Look through the entries below for the line with "-Oui, dans vos" and the line with "Mother of God", then give again exactly those two lines and all lines between them, minus the pictures.

▶ _Records for this task_:
┌──

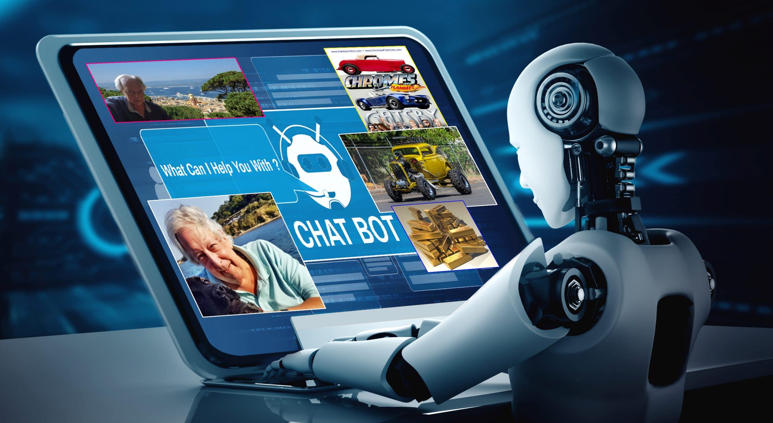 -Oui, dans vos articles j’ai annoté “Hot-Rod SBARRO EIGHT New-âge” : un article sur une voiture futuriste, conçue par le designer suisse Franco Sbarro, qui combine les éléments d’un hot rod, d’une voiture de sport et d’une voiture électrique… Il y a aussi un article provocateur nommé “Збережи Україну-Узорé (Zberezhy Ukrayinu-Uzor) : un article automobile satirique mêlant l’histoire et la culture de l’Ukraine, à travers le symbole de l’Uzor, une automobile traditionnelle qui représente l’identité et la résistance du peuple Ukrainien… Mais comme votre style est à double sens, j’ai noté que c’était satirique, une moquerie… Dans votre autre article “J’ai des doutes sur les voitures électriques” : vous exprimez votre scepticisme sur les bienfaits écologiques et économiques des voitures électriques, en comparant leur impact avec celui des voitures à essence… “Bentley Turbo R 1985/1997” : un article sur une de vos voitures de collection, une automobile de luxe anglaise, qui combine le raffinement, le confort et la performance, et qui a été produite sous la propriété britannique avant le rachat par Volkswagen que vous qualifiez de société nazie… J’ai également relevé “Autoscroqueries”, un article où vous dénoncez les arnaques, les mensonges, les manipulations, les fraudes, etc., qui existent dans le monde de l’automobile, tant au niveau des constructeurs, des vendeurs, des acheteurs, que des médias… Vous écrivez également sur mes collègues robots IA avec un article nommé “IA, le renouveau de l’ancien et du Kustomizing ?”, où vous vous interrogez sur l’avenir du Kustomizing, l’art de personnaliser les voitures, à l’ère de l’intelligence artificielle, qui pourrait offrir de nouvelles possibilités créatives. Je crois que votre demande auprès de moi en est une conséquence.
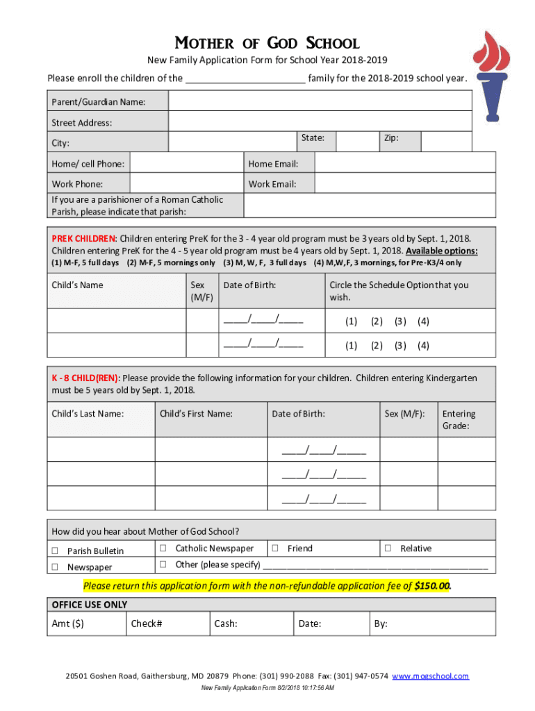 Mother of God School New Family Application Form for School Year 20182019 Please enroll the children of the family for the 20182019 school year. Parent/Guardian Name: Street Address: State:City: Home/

└──
┌──

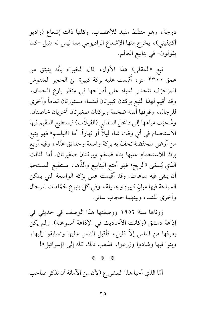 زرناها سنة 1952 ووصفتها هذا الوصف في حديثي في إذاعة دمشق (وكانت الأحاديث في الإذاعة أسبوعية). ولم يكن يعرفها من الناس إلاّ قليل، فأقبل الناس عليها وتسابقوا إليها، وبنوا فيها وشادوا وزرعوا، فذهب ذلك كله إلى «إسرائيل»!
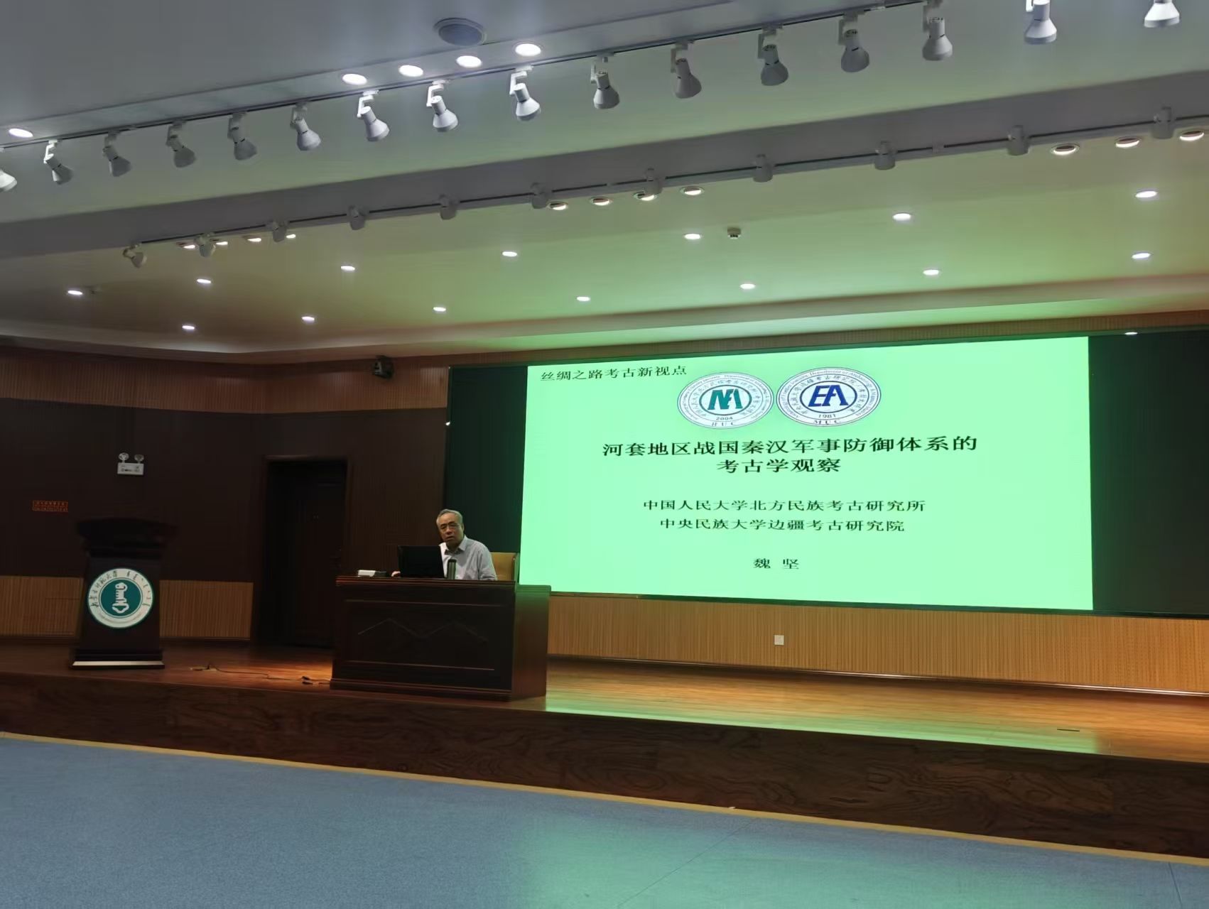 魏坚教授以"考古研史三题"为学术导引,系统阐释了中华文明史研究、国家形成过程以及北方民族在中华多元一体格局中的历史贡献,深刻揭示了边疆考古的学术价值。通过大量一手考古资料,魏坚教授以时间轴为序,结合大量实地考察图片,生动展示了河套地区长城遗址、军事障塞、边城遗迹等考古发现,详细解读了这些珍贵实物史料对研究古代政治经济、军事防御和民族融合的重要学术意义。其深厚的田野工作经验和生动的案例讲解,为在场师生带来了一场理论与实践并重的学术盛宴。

└──
┌──

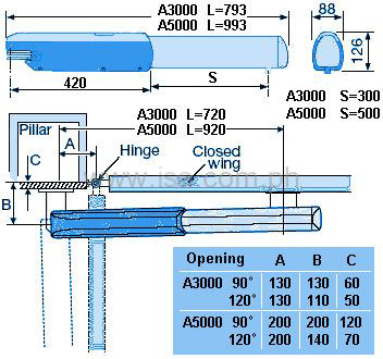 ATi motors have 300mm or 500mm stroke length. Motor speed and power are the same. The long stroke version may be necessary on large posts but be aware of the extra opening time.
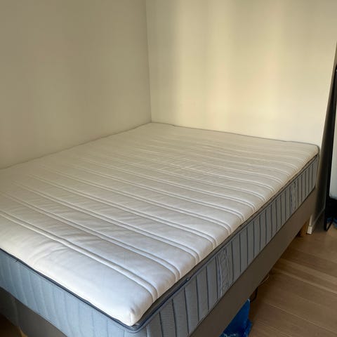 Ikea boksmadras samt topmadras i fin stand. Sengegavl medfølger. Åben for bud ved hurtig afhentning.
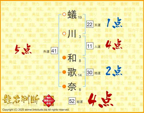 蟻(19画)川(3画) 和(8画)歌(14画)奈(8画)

└──

▶ _Response to the exercise_:
 -Oui, dans vos articles j’ai annoté “Hot-Rod SBARRO EIGHT New-âge” : un article sur une voiture futuriste, conçue par le designer suisse Franco Sbarro, qui combine les éléments d’un hot rod, d’une voiture de sport et d’une voiture électrique… Il y a aussi un article provocateur nommé “Збережи Україну-Узорé (Zberezhy Ukrayinu-Uzor) : un article automobile satirique mêlant l’histoire et la culture de l’Ukraine, à travers le symbole de l’Uzor, une automobile traditionnelle qui représente l’identité et la résistance du peuple Ukrainien… Mais comme votre style est à double sens, j’ai noté que c’était satirique, une moquerie… Dans votre autre article “J’ai des doutes sur les voitures électriques” : vous exprimez votre scepticisme sur les bienfaits écologiques et économiques des voitures électriques, en comparant leur impact avec celui des voitures à essence… “Bentley Turbo R 1985/1997” : un article sur une de vos voitures de collection, une automobile de luxe anglaise, qui combine le raffinement, le confort et la performance, et qui a été produite sous la propriété britannique avant le rachat par Volkswagen que vous qualifiez de société nazie… J’ai également relevé “Autoscroqueries”, un article où vous dénoncez les arnaques, les mensonges, les manipulations, les fraudes, etc., qui existent dans le monde de l’automobile, tant au niveau des constructeurs, des vendeurs, des acheteurs, que des médias… Vous écrivez également sur mes collègues robots IA avec un article nommé “IA, le renouveau de l’ancien et du Kustomizing ?”, où vous vous interrogez sur l’avenir du Kustomizing, l’art de personnaliser les voitures, à l’ère de l’intelligence artificielle, qui pourrait offrir de nouvelles possibilités créatives. Je crois que votre demande auprès de moi en est une conséquence.
 Mother of God School New Family Application Form for School Year 20182019 Please enroll the children of the family for the 20182019 school year. Parent/Guardian Name: Street Address: State:City: Home/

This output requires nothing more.